Pero Darío sabía que ser invisible ante las mentes de las personas no lo hacía invisible a sus ojos; aunque estuviera siempre ahí como un mueble, la realidad era que, si hacía algo inapropiado, todos lo verían. Por lo tanto, tenía que ser cuidadoso y actuar de un modo sigiloso; como los gatos cuando caminaban sin hacer ruido, debía ser insonoro y no llamar la atención, para poder desplazarse a voluntad.
Su cuerpo era un arma, sus manos eran luces distantes convertidas en una herramienta del presente, e iluminaban el camino que era necesario recorrer para llegar a su destino; desde esa jornada el tiempo ya no existía, solo tenía que encontrar el momento apropiado. ¿Y si el momento era ese mismo día? Desplazaba con movimientos quedos el escobillón, sin prestar atención a lo que estaba haciendo, absorto en sus pensamientos; toda su vida había sido decidida por otros, pero no se trataba solo de eso, porque también, sus intereses o sueños habían sido pospuestos.

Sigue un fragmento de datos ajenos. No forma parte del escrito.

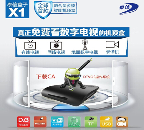 泰信盒子X1是國內(nèi)首款多模智能機頂盒,集有線電視、網(wǎng)絡電視、免費地面數(shù)字電視三合一,還可一鍵錄制電視節(jié)目。此款盒子是市面上唯一一款基于安卓系統(tǒng)的地面數(shù)字電視盒,看數(shù)字電視永久免費!是一款適合家庭娛樂的功能最強大最人性化的智能高清機頂盒。
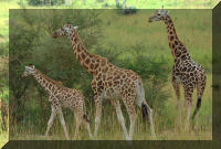 De volgende ochtend vertrokken we om half zeven voor een gamedrive aan de overkant van de Victoria Nijl. We namen de veerboot van 7 uur, die vol stond met minibusjes gevuld met toeristen. Het gedeelte van het park aan deze kant van de rivier was meer savanneachtig. We zagen al vrij snel Rottschild giraffen. Murchison Falls NP is het enige park in Oeganda waar nog giraffen voorkomen. In de tijd van Idi Amin is er heel veel wild afgeslacht, waardoor Oeganda niet het meest geschikte land is om te gamedriven. Even verderop zagen we nog een grote kudde buffels en maakten we kennis met de Oeganda Kob, een antilopensoort, lijkend op de puku of de impala. Ook zagen we nog de zeldzame patas monkey. We hadden heel erg veel geluk toen we later ook nog een mannetjes leeuw en een leeuwin even verderop zagen. Nadat we bij de rivier nog een grote kudde olifanten hadden gezien, met veel jongen, en onze gids bij vissers aan de rivier een aantal tilapia's had gekocht, reden we weer terug naar de veerboot.

El mismo había dejado de lado sus intenciones por fuerza de las circunstancias; había crecido siempre esperando, siempre dejando todo a merced del tiempo una y otra vez, aguardando a que las gotas rellenaran el espacio disponible como granos de arena atrapados en un reloj. Pero, enfrentado a esa situación, a esa red de pasillos subterráneos que eran parte de una estructura enorme que controlaba toda la ciudad, se dijo que tal vez no tenía que esperar, que sus manos, ahora iluminadas, eternas e indestructibles le habían proveído de una capacidad superior, la de adelantarse al paso de los días y las horas y lograr lo que quería.
Nunca más esperar, nunca más quedarse detrás de otros o de las decisiones de otros, solo caminar y llegar a la meta.